Platform Core Concepts

About Dynamic Pipelines

Unlike the pipelines created internally by many companies, Datastreamer allows you to create truly Dynamic Pipelines. A pipeline within Datastreamer is a Dynamic Pipeline as each component you use within the pipeline is interchangeable, self-sustaining, and configurable.

Every second, over 100,000 enrichment are done to over 50,000 documents in realtime through a customers’ Dynamic Pipeline.

Beneifts of Dynamic Pipelines

Dynamic Pipelines means that you can:

  • Build pipelines with multiple parts and complex routing in minutes. (So you can focus on your product, not your plumbing).
  • Add new enrichments or data sources without any integration effort. (So you can ship faster).
  • Full transparency and insight into the data pipelines operations. (So you can sleep better).
  • Avoid any data leakage or unnecessary data noise with unlimited pipelines, not jamming everything into one technical solution (So you can look 4-5 years ahead).

Anatomy of a Dynamic Pipeline

Each pipeline has 4 primary parts. These are support by the underlying platform, and comprehensive routing capabilities.

“Ingestion” or “Ingress”

This first part is how data gets into the pipeline. Datastreamer pipelines are able to connect to existing sources you work with (existing providers, internal stores of data, etc.). In addition to existing sources, the Datastreamer partner catalog is a great way to discover new data sources.
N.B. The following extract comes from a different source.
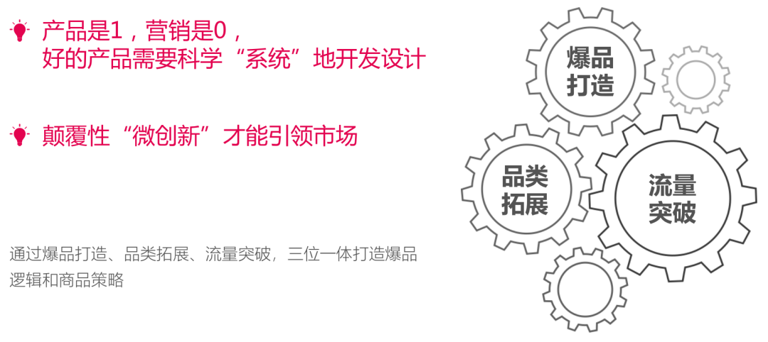 產(chǎn)品塑造的核心,是對(duì)用戶的洞察創(chuàng)造,從單純的占領(lǐng)“產(chǎn)品品類”轉(zhuǎn)向經(jīng)營(yíng)“年輕人和產(chǎn)品”,最終營(yíng)銷一種“品牌綜合體驗(yàn)”或“生活方式”。可以通過(guò)爆品打造、品類拓展、流量突破,三位一體打造爆品邏輯和商品策略。
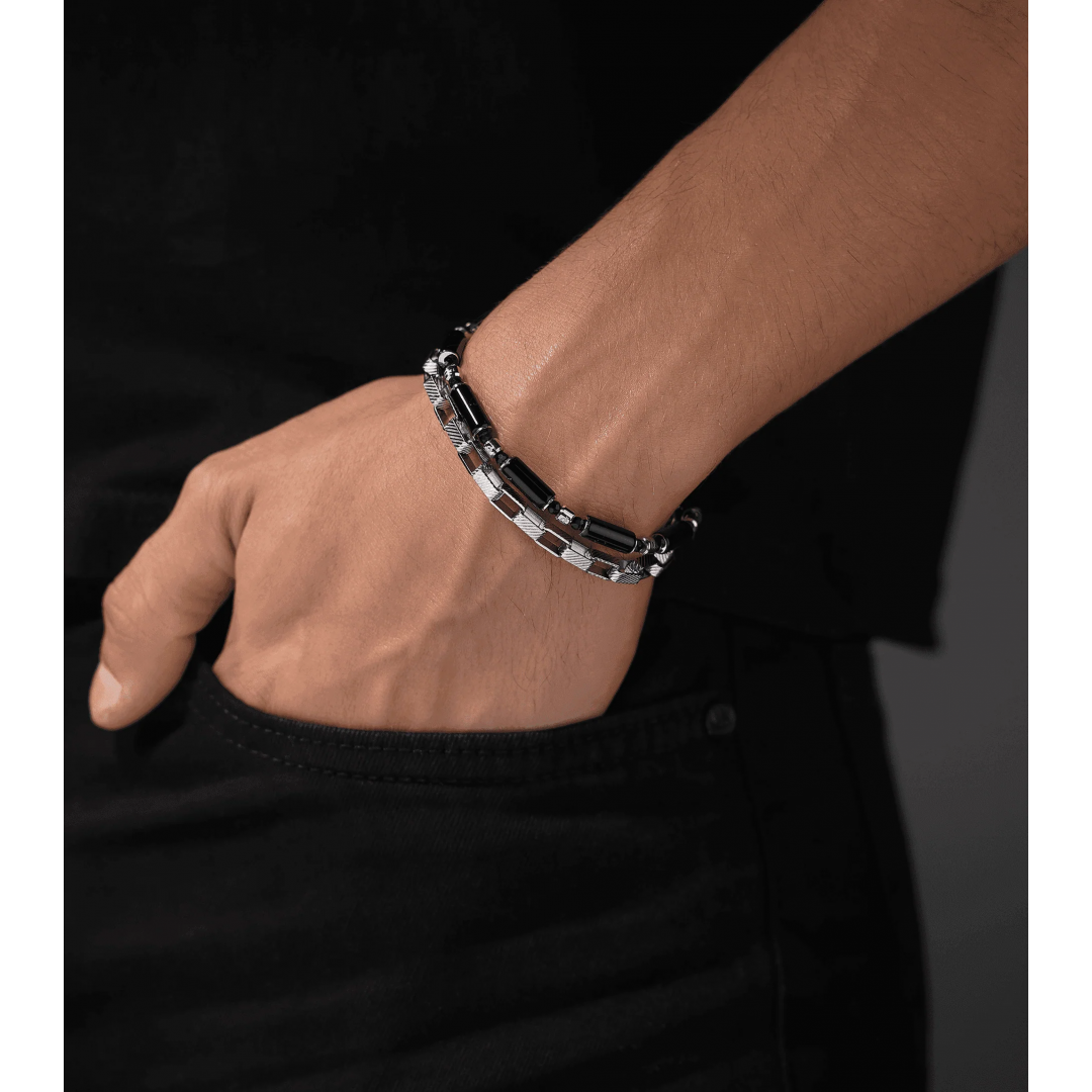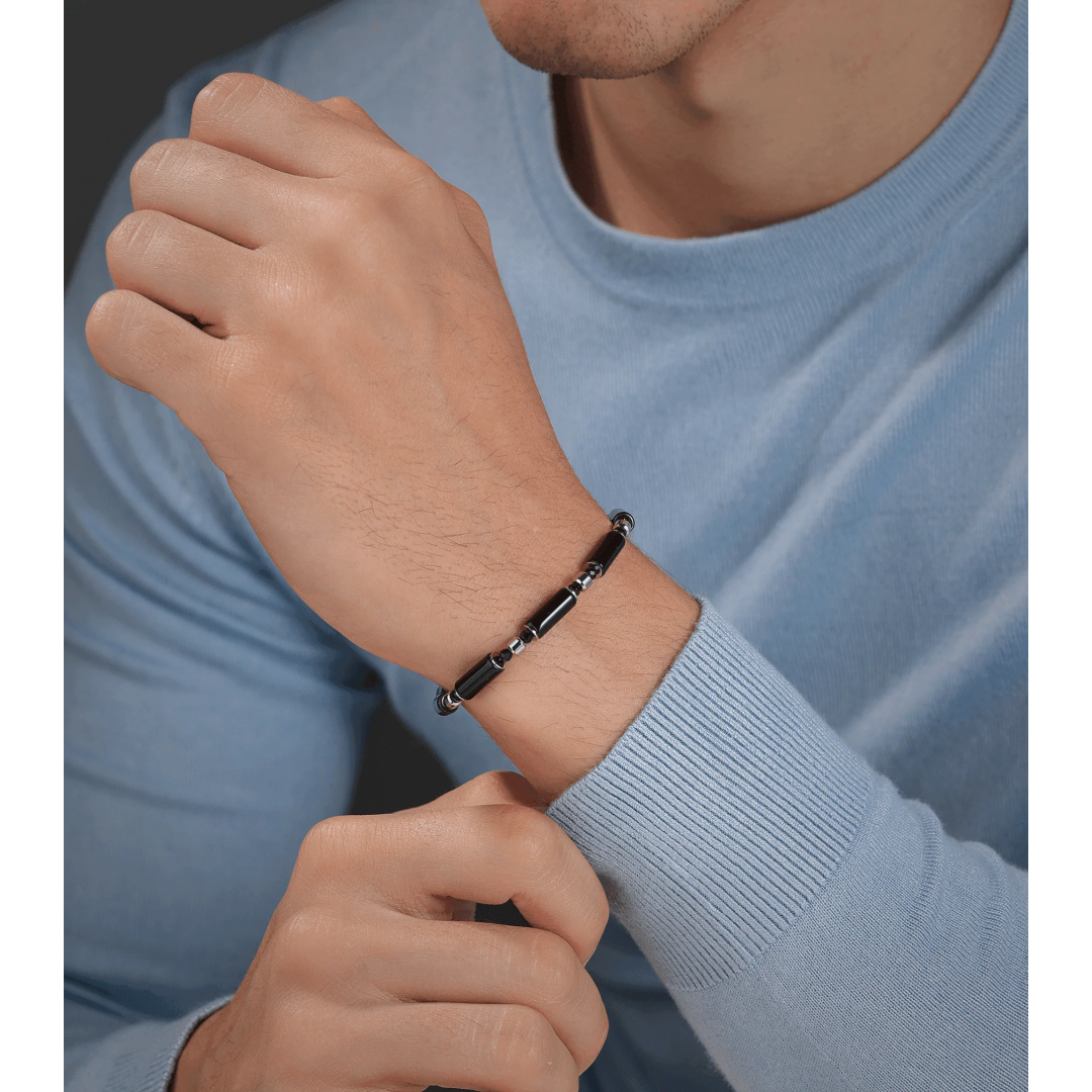 Por que se misturar quando você pode se destacar com SILO by POLICE? A pulseira apresenta uma combinação cativante de elegantes contas pretas circulares e cilíndricas em uma corrente de aço inoxidável. Este contraste ousado reflete sua resistência ao conformismo.

After data has been ingested, it can be in any format, structure, or size. Unify is a combination of capabilities that work to understand the existing state of the data and convert it to where it is required to be. (For example: a PDF may require OCR or table extractions, social content may require transforming, raw html may require boilerplate removal, etc.). Unify works to break the content to a JSON format, and matching the schema that you define. A special trick of Unify is its’ AI components. These AI elements can construct and fill missing metadata.


With many enrichments pre-integrated into Datastreamer’s pipelines, you can perform realtime preprocessing of the data. These enrichments can include NLP, AI, or even data cleanup processes. These enrichments can range from general sentiment detection, to translation, ChatGPT prompt execution, PII redaction, and more. Our platform catalog has a whole set of options.


Data has been tranformed, understood, and enriched; it now is ready for leaving the pipelines. Many options are present from direct database connections, Datastreamer’s own storage offering, or even into another pipeline for further processing and routing.

Data Routing:

In addition to the 4 main parts above, Datastreamer pipelines have the ability to add complex routing to send data down different paths (and even different pipelines) based on a number of capabilities. These can routing based on the document metadata, document properties, lucene queries looking within the document itself, and more. This routing can take place between any component.